When to bet on WebAssembly: If you're building edge compute, event-driven APIs, or multi-tenant SaaS, evaluate Wasm *now*. If you're running Postgres or a Rails monolith, stick with containers (and save yourself the migration pain). The five-millisecond cloud is here. It won't replace everything.
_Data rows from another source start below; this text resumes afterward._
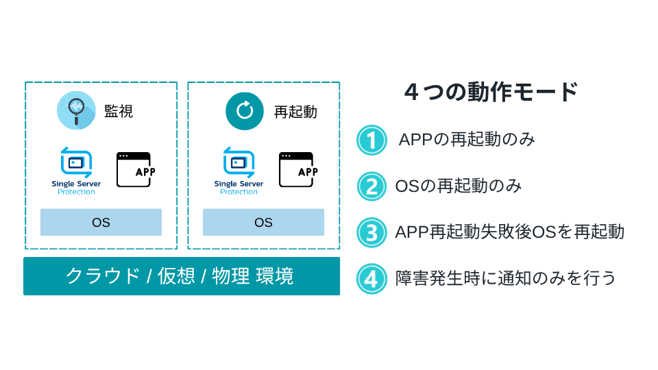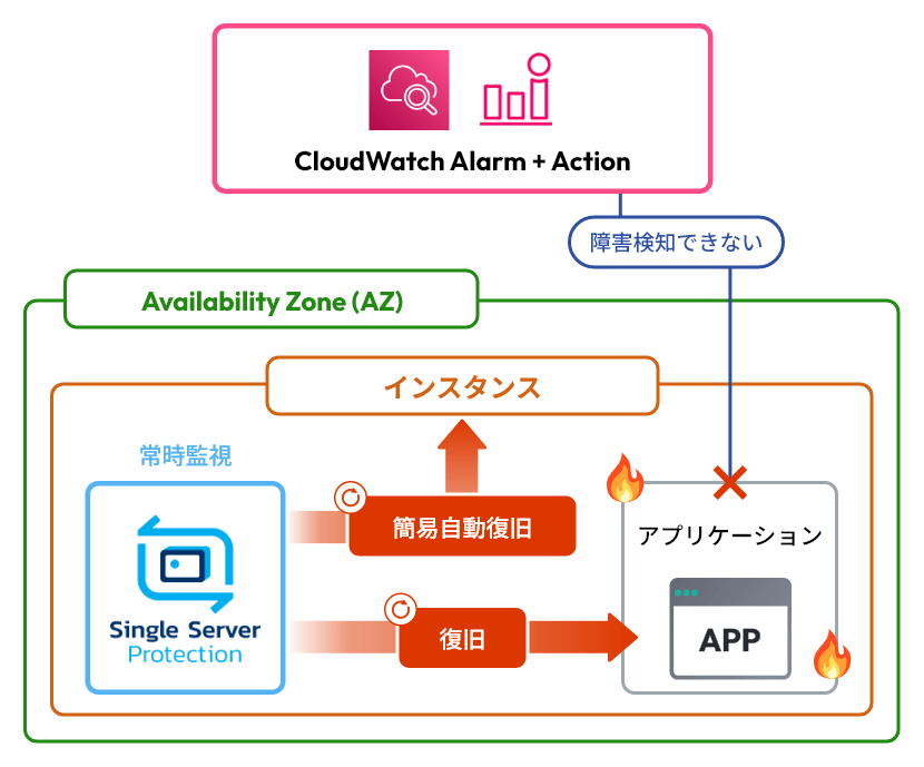 Single Server Protectionにより、アプリケーションの障害も検知し、再起動で自動復旧を試みます。
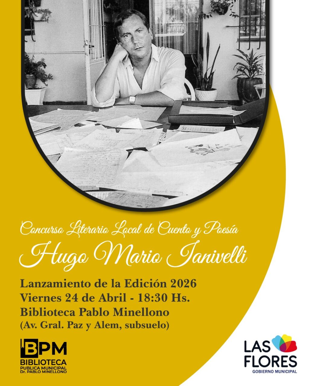 LANZAMIENTO DE LA EDICIÓN 2026 DEL CONCURSO LITERARIO LOCAL “HUGO MARIO IANIVELLI” Este viernes 24 de abril a las 18.30 horas en la Biblioteca Municipal Pablo Minellono (Avda. General Paz y Alem, subsuelo) tendrá lugar el acto de presentación del Concurso Literario Local de Cuento y Poesía «Hugo Mario Ianivelli» que este año celebra su edición número 51. La ceremonia se realizará, como siempre, en el marco de la Semana de la Lengua Española y, a su vez, en virtud de la cercanía con el aniversario de nacimiento de Alejandra Pizarnik, se inaugurará una exposición alusiva a la poeta.
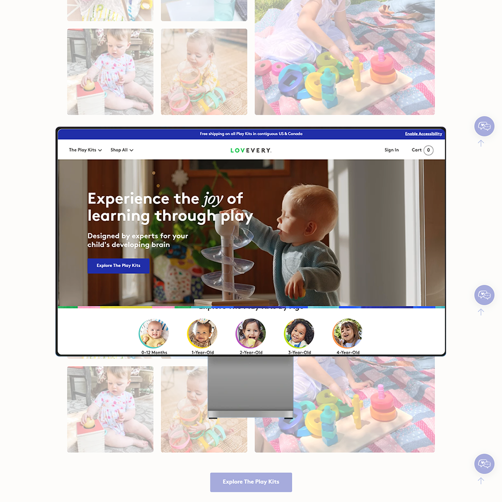 Lovevery required a comprehensive child education platform designed for children aged 0-36 months. The objective was to create a play-to-learn educational website and app that provides parents with stage-based activities, expert parenting insights, and interactive toys to enhance child development. The platform integrates CMS-based learning content, ensuring parents receive structured developmental guidance, along with interactive digital play guides and milestone tracking.
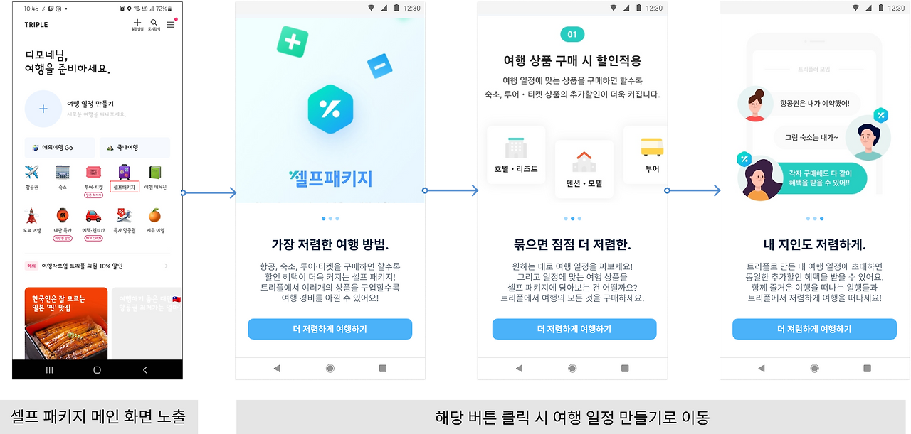 → 첫 화면에 셀프 패키지 버튼을 노출시키고, 설명하는 페이지를 추가한다면, 고객들이 여행 일정도 많이 만들 것이고, 셀프 패키지 이용 건수가 늘어날 것이다.
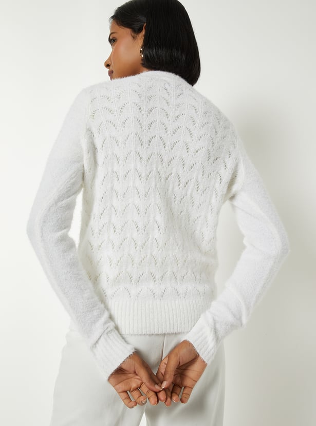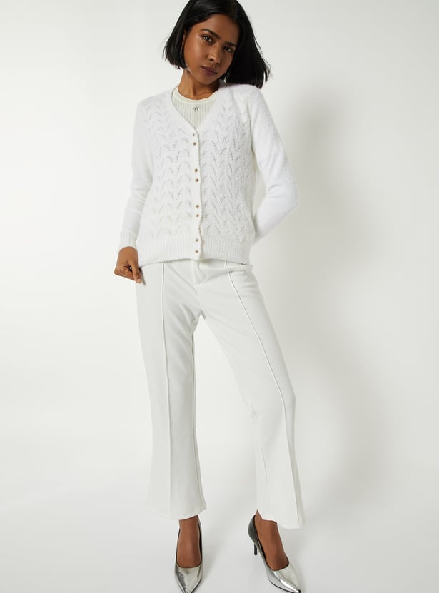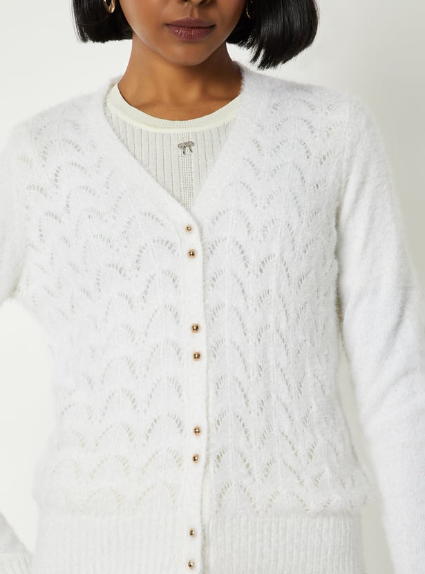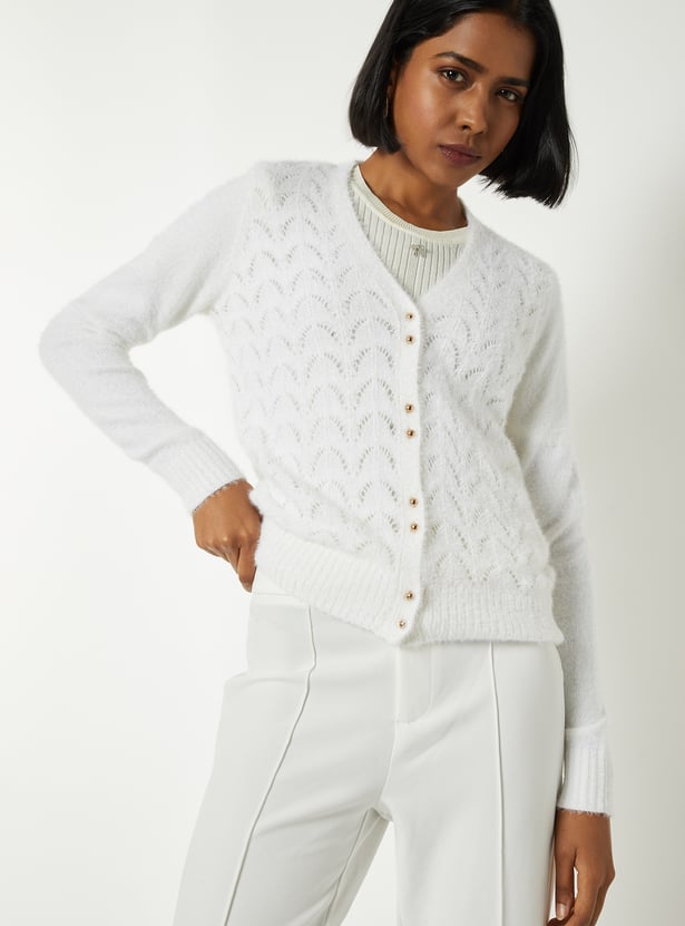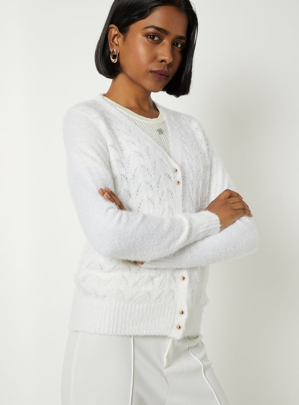 Classic and cozy, this knit cardigan features a flattering V-neck, full sleeves, and a front button placket. The textured knit adds warmth and charm, making it a layering essential for cooler days.
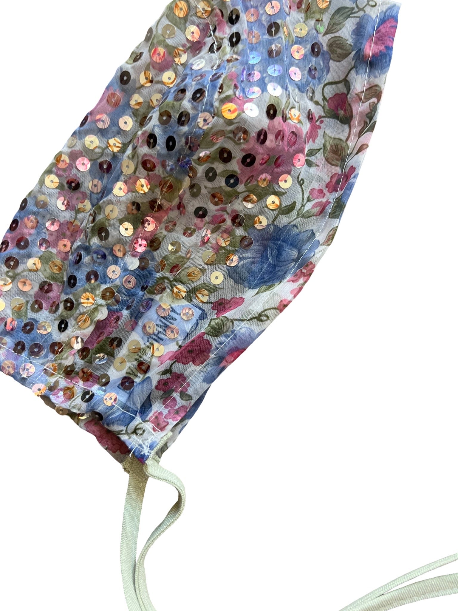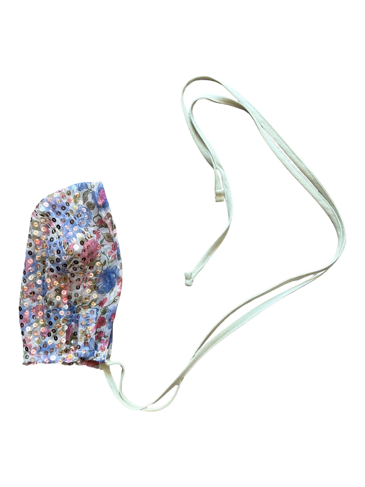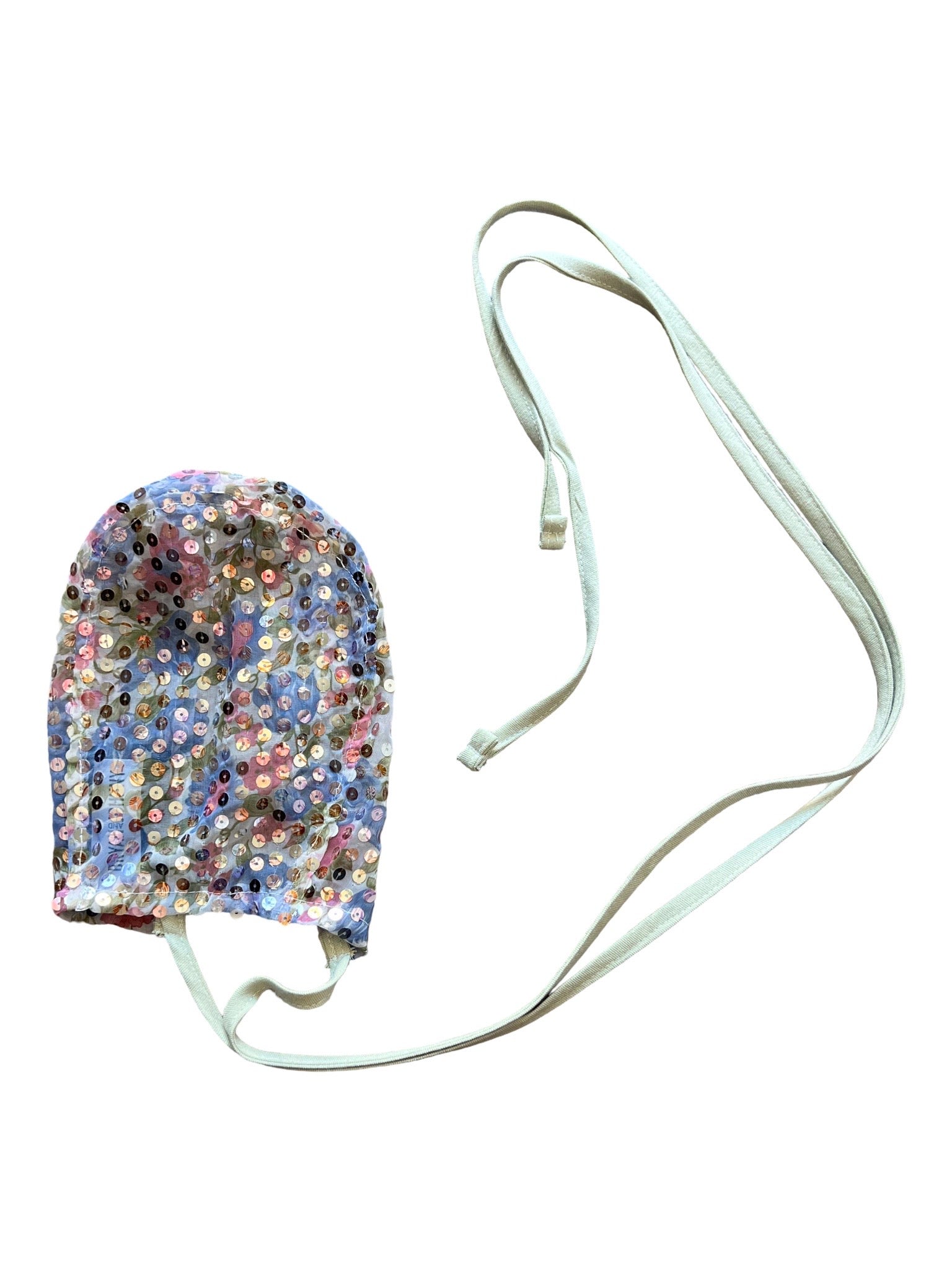 Meet the LONCHERA fitted cap in a multi color sequin fabric, sheer with adjustable tie OSFM
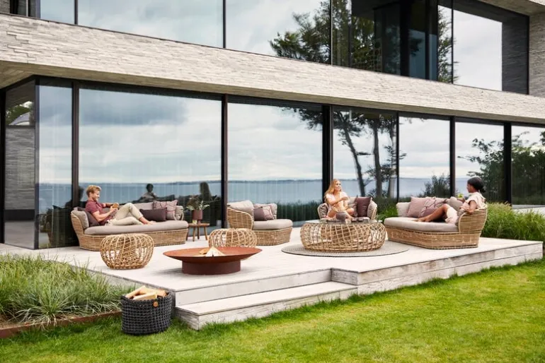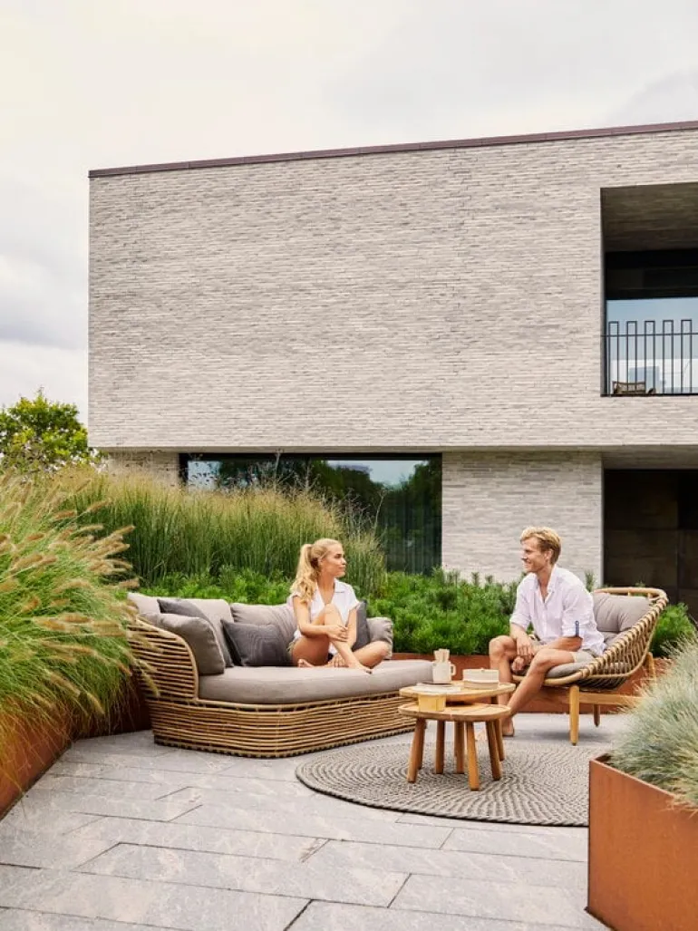 Cane-lines utomhussoffa Basket erbjuder en mysig plats att njuta av lata sommardagar, på balkongen eller i trädgården. Den djupa sitsen är perfekt för att krypa upp i med en god bok och något uppfriskande att dricka. Soffan är skapad av Søren Rose Studio och designen är inspirerad av traditionella korgmöbler, med slitstarka material som står emot växlande väder. Soffans stålram omges av vädertåligt Cane-line Weave, Cane-lines eget syntetiska material i rottingstil. De bekväma soffkuddarna är speciellt utformade för utomhusbruk. Efter en regndusch torkar kuddarna och blir fluffiga igen på ungefär en timme.
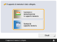 Visualizzazione di una scelta rapida per accedere alle funzioni disponibili quando è inserito un supporto di memoriaImpostare <Selez. opzione quando si collegano supporti memoria> su <On>. Quando è inserito un supporto di memoria, viene visualizzata una schermata come la seguente e le funzioni corrispondenti possono essere eseguite immediatamente. <Selez. opzione quando si collegano supporti memoria>*Per visualizzare le scelte rapide, inserire il supporto di memoria dopo aver annullato il modo riposo. Uscita dal modo riposo |
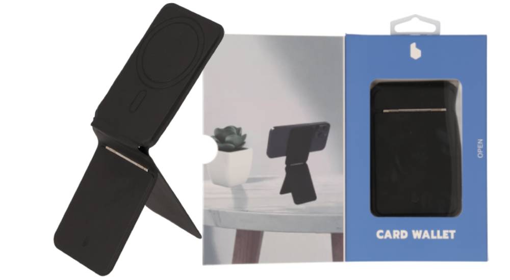 นอกจากนี้ยังสามารถใส่บัตรได้ถึง 2-3 ใบ เหมาะสำหรับคนที่ต้องการลดการพกกระเป๋าสตางค์ ใช้งานง่ายในชีวิตประจำวัน ผิวสัมผัสคุณภาพสูง สีดำเรียบหรู ดูดีทุกมุมมอง เป็นไอเท็มที่เหมาะกับทั้งผู้ชายและผู้หญิงที่ต้องการขาตั้งที่ทั้งบาง เบา และใช้งานได้จริง

But for the right workloads, it's a step-function improvement — and that's the point.

---

References

  1. Cloudflare Workers performance data (2024): https://blog.cloudflare.com/workers-performance-2024
  2. Fastly Compute documentation: https://www.fastly.com/documentation/guides/compute/
  3. Shopify Functions documentation: https://shopify.dev/docs/apps/build/functions
  4. Azure AKS documentation and SpinKube on AKS guide (2024): https://learn.microsoft.com/azure/aks/ and https://www.spinkube.dev/docs/topics/architecture/
  5. WASI 0.2 specification: https://github.com/WebAssembly/WASI/blob/main/Preview2.md
  6. OCI 1.1 artifact support: https://github.com/opencontainers/image-spec/blob/main/artifacts-guidance.md
  7. SpinKube documentation: https://spinkube.dev
  8. Wasmtime security model: https://docs.wasmtime.dev/security.html

---

Author's Note: This article reflects production systems as of January 2025. WebAssembly is evolving rapidly — expect WASI 0.3, better observability, and broader cloud adoption by 2026. But the core trade-offs (speed vs. flexibility) are architectural, not temporary.

If you're evaluating Wasm for your stack, start with a non-critical edge function (auth, routing, A/B testing). Measure cold start, memory usage, and developer friction. Then decide if it's worth expanding. The five-millisecond cloud is real — but only for workloads that benefit from it.